Korbach

Ein Konzert für Augen und Ohren

- Korbach (resa). Keine Spur von Quetschkommode oder Schifferklavier: Die Musiker des Akkordeon-Orchesters „Diemelspatzen“ präsentierten am Samstagnachmittag ein anspruchsvolles Programm in der Stadthalle.

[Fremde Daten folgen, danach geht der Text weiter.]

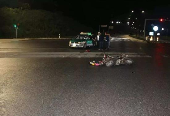 苏溪大队交警赶到现场的时候,庞某和妻子已经被急救车送往医院,出租车驾驶员在事发现场等着,庞某的几个亲戚也在旁边,电动车还倒在道路中间,周围都是散落的塑料零部件。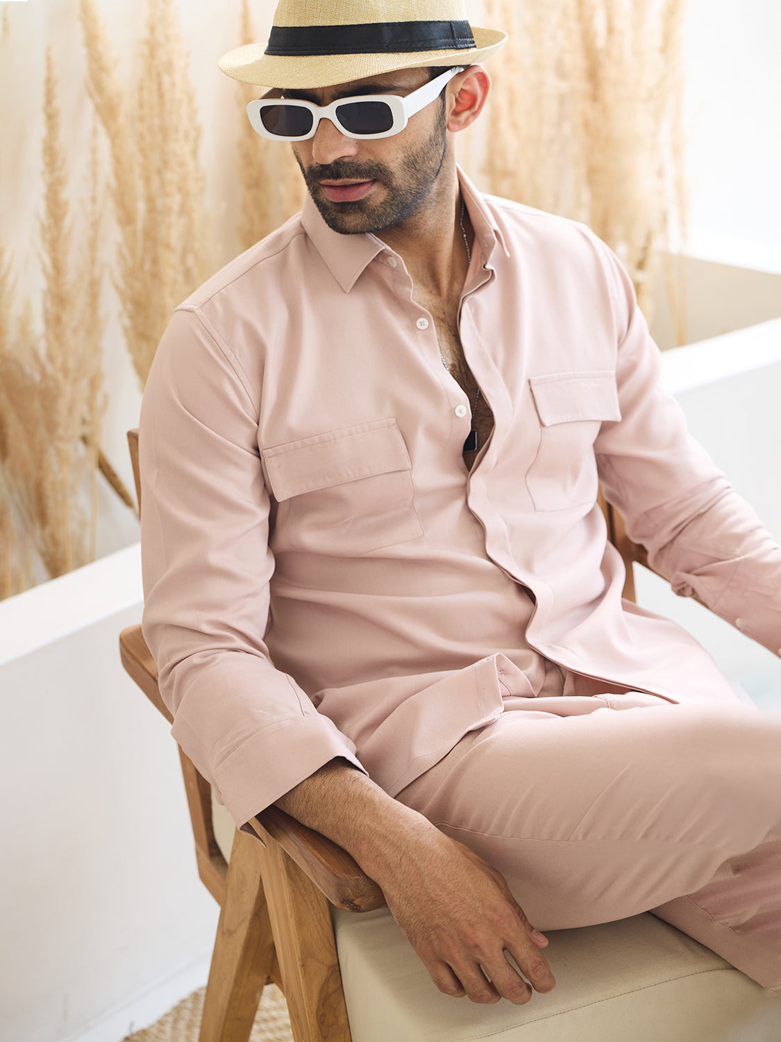 Elevate your wardrobe with our Pink Coral Chic Solid Shirt, a symbol of effortless style and refined elegance. Crafted from a luxurious blend of rayon and polyester, it offers a relaxed fit for all-day comfort, ensuring you feel as good as you look. With the addition of front pockets on both sides, this shirt seamlessly combines functionality with fashion, allowing you to carry your essentials with ease while exuding charm and sophistication. Whether you're dressing up for a smart casual occasion or simply enjoying a day out, this shirt is the perfect choice to make a statement with grace and poise.

Neben Musicalmelodien aus den vergangenen 50 Jahren und manch musikalischem Ohrenschmaus präsentierten die Musiker auch Hochgenüsse fürs Auge. Den Startschuss zum traditionellen Weihnachtskonzert gaben die jungen Musiker des Juniororchesters unter Leitung von Cordula Fohl. Vor allem kleine Stücke zum Mitklatschen präsentierten die jüngsten Akkordeonspieler, mit der „Techno Time“ stellten sie dann das breite Spektrum des Instrumentes vor. Melodien aus „Die Schöne und das Biest“ und dem „Phantom der Oper“ spielten anschließend die Musiker des Jugendorchesters. Mit ihrem gut gelaunten und verkleidungsfreudigen Dirigenten Sebastian Schmidt entlockten sie ihren Instrumenten wohlbekannte Melodien und begeisterten mit viel Einsatzfreude und bunten Kostümen. So schlüpfte Schmidt selbst in die Rolle des Phantoms der Oper und führte seine Musiker durch ein buntes, fehlerfreies Musical-Medley. Kurz vor der Pause übernahm dann Hans C. Petersen das Dirigentenpult und lud die Zuhörer gemeinsam mit dem großen Hauptorchester zur Reise in die Anfangsjahre des Musicals ein. In langen Kleidern und bunten Fracks spielten die Musiker „There’s no business like Showbusiness“ – ein Motto, das sich das Orchester auch selbst zu eigen machte. Immer neue Kostüme wurden den Zuschauern präsentiert – mal tauchte Petersen im Bademantel von Udo Jürgens auf, mal begleiteten Rollschuhfahrer die Melodien von Starlight-Express. Pünktlich zu Stücken aus dem Musikfilm „Sister Act“ übernahm wieder Sebastian Schmidt das Dirigat, dieses Mal im Kostüm der Schwesteroberin – die Lacher hatte er auf seiner Seite. Nach der Pause folgten flotte Melodien aus „My Fair Lady“, „The Sound of Music“ und dem Jürgens-Musical „Ich war noch niemals in New York“. Das Orchester präsentierte sich fehlerfrei, gut aufgelegt und mit musikalischen Leckerbissen im Gepäck. Nach weihnachtlichen Melodien stand mit „Memory“ dann ein Stück aller drei Orchester auf dem Programm – die Fassung für die Kleinsten hatte Dirigentin Cordula Fohl selbst geschrieben. Das begeisterte Publikum ließ das Akkordeon-Orchester schließlich nicht ohne Zugabe gehen.